“The issue that antidepressants help about half the time is absolutely right.”

Amy Ellis Nutt:

“Multiple drugs overload the system in ways we can’t predict,” said Rene Muller, a psychologist at Johns Hopkins. “Everyone metabolizes drugs differently, which also affects how they interact with each other.”

Four years ago, Charlotte Sieber met Jennifer Roeder, who told of her own travails trying to come off psychiatric medications when they failed to help her feel less depressed.

“It was the first time she heard that maybe the drugs were hurting, not helping,” Roeder said.

Sieber began to slowly wean herself off her many medications, tapering the drugs one at a time, according to family and friends, though she often had to stop to let her body and mind recover.

“It’s really hard to withdraw from antidepressants,” said New York psychiatrist and pharmacology expert Julie Holland. In some cases, “people feel like cold water is running down their spine. They can feel their brain sloshing around, or electric zaps in their head.”

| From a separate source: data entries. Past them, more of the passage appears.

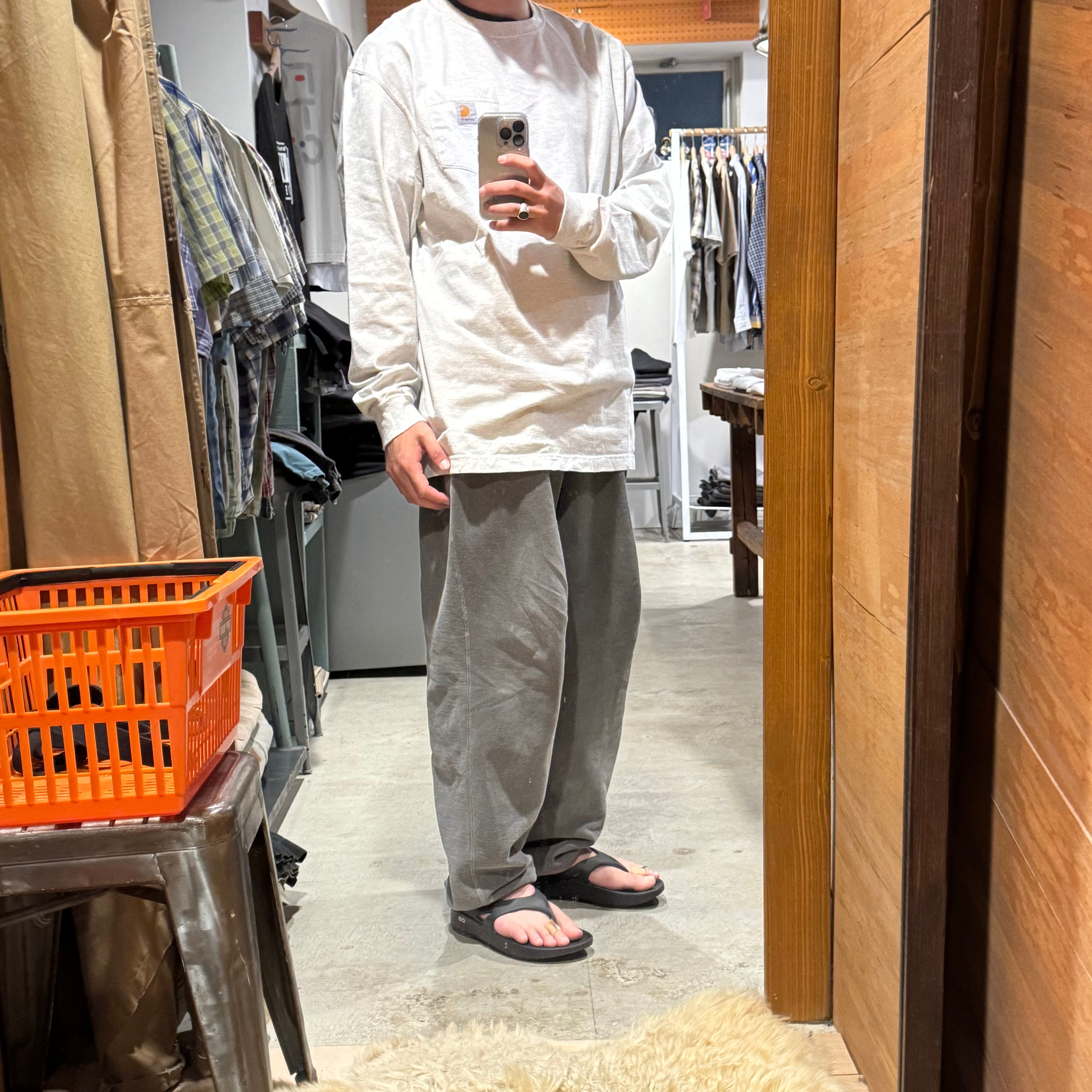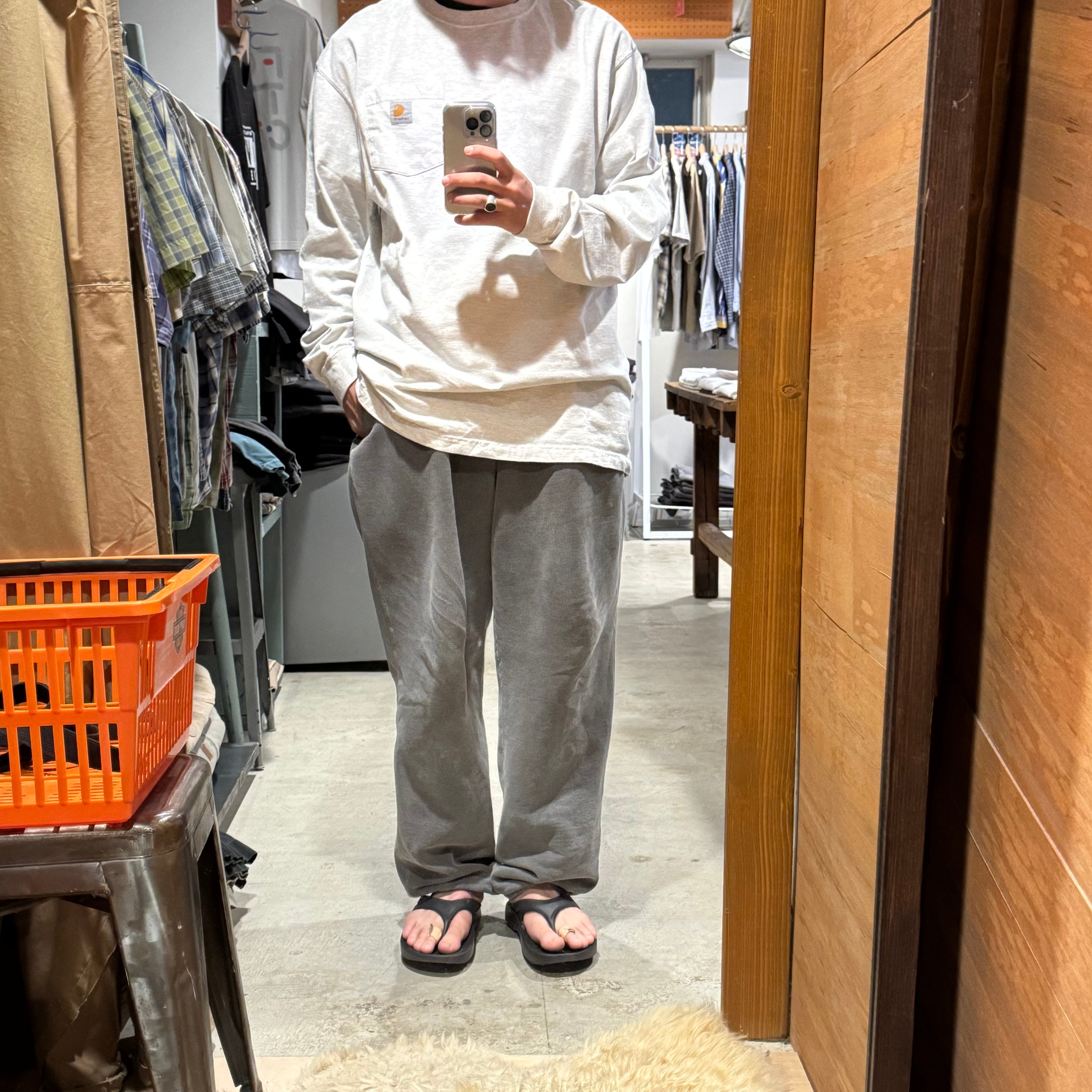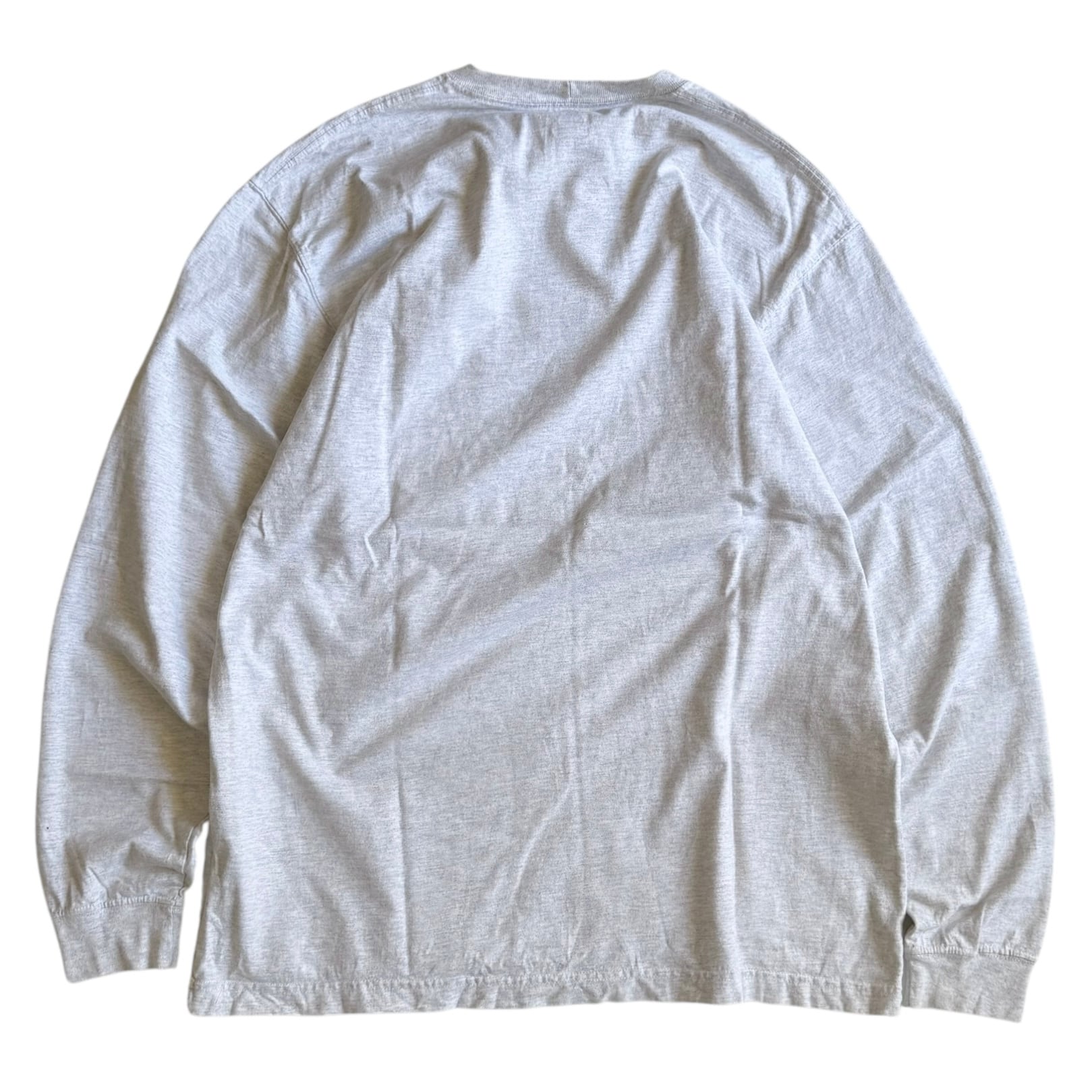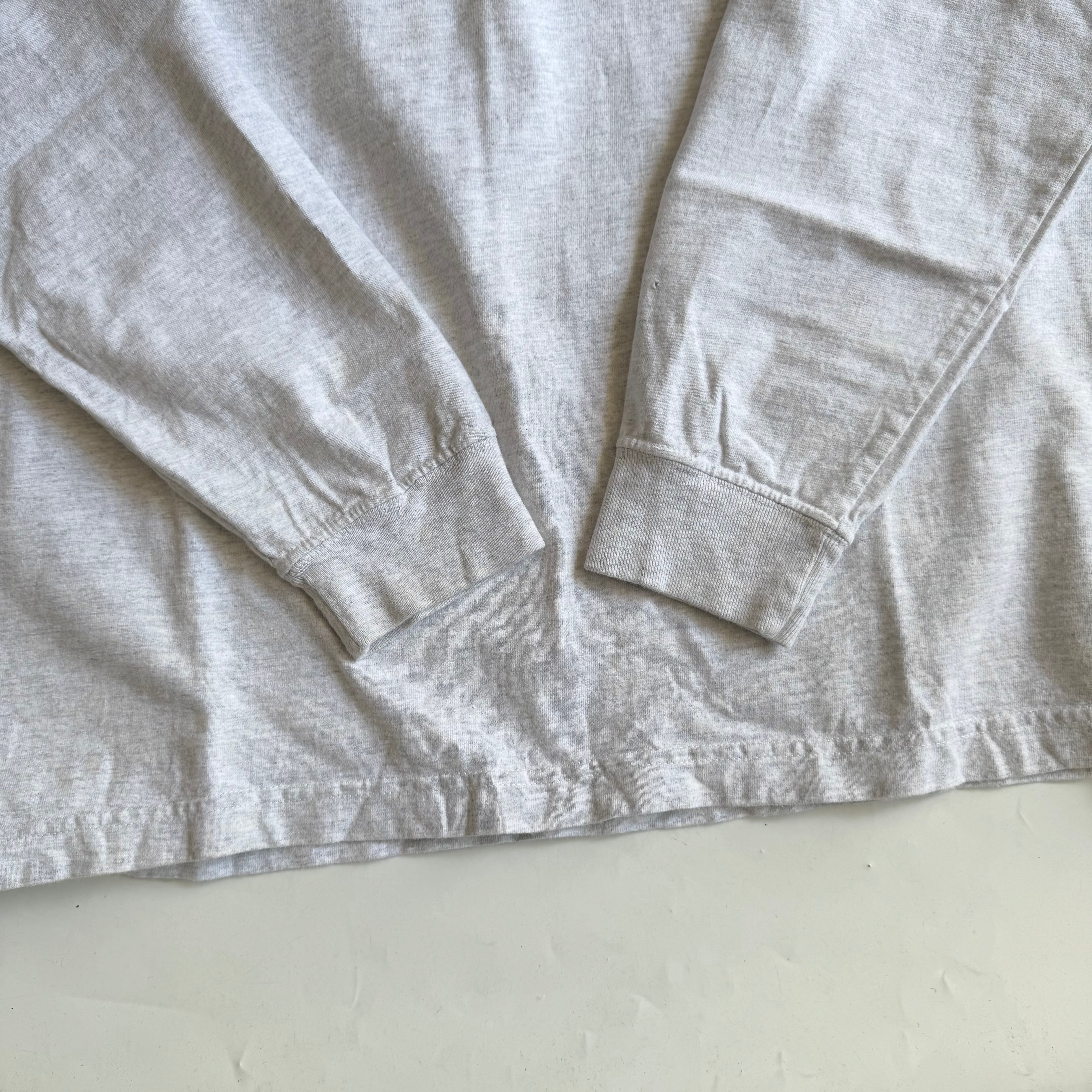 •SIZE L 肩幅 55cm 袖丈 68.5cm 身幅 61cm 着丈 78.5cm 175cm着用 •MATERIAL COTTON 99% POLYESTER 1% •COLOR グレー •CONDITION 袖口に使用感、背面に薄いシミ、左袖にピンホール。写真にてご確認下さい。 ya6131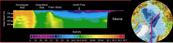 Wichtige Faktoren der arktischen Umwelt sind der Einstrom warmen und salzreichen Atlantischen Wassers und der Einfluss der kalten und salzarmen Halokline (Salzgehaltssprungschicht). Der arktische Flusswasserausstrom (10% des globalen Flusswassers) und die damit zusammenhängende salzarme Halokline (siehe Abb. 1) isoliert normalerweise die Meereisdecke von dem darunterliegenden warmen, salzreichen Atlantischen Wasser. Im Rahmen der derzeitigen Erörterung des arktischen und globalen Klimawandels wurde inzwischen erkannt, dass das Vorhandensein der arktischen Halokline - mit ihren isolierenden Eigenschaften - nicht mehr als selbstverständlich angenommen werden kann. Die arktische Halokline wird größtenteils durch den Zustrom aus den arktischen Schelfgebieten gespeist. Die Schelfgebiete liefern Süßwasser (Flusswasser) und durch Meereisbildung salzangereichertes Wasser (Brine-Wasser). Durch die starken Änderungen der Meereisbedeckung in der Arktis und gerade auf den Schelfgebieten ist es bislang eine weitgehend offene Frage, ob die Halokline weiterhin ein stabiles und permanentes Phänomen bleibt. Ohne eine Antwort ist es nicht möglich zufriedenstellende Vorausberechnungen zum arktischen und globalen Klimawandel zu erstellen. Zur Beantwortung dieser Frage untersuchen wir (1) den Austausch von Süßwasser und Brine-Wasser zwischen Schelfgebieten und Ozeanbecken entlang des Eurasischen Kontinentalrandes (Eurasian Margin Freshwater Exchange (pdf)) und die Zusammensetzung der Süßwasserquellen und den Beitrag von Pazifischen Wasser in der Transpolaren Drift im Zentralen Arktischen Ozean (Impact of Arctic Freshwater (pdf)) (2) Außerdem untersuchen wir die Veränderungen der Meereis-Prozesse auf den Arktischen Schelfgebieten in Bezug auf die Arktische Halokline (siehe Teilprojekt 3A im Deutsch-Russischen “Transdrift” https://www.transdrift.info/). Dabei wird der Einfluss des Süßwassers und der Brine-Wässer von den Schelfen mithilfe von hydrographischen Daten und stabilen Isotopen Untersuchungen in der Wassersäule quantitativ bestimmt (Background Information on Methods (pdf)).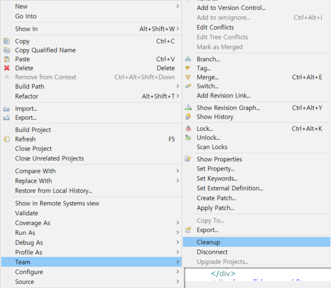 프로젝트 우클릭 후 아래와 같이 cleanup 선택하면 된다.

By July 2015, Sieber had successfully discontinued all but one of her psychiatric medications.

“One of her worst [side effects] was sleep. She could not sleep,” said Pati Wolfe, who often joined Sieber in the struggle to withdraw from drugs. “This went on for months and months. Maybe a couple of hours a night was all she would get.”

It was so bad that Sieber had to move out of the bedroom she shared with her husband so he could get some sleep. Heart palpitations, obsessive worrying and anxiety clouded her nights. She lost weight and sometimes told friends it was too hard to talk to them.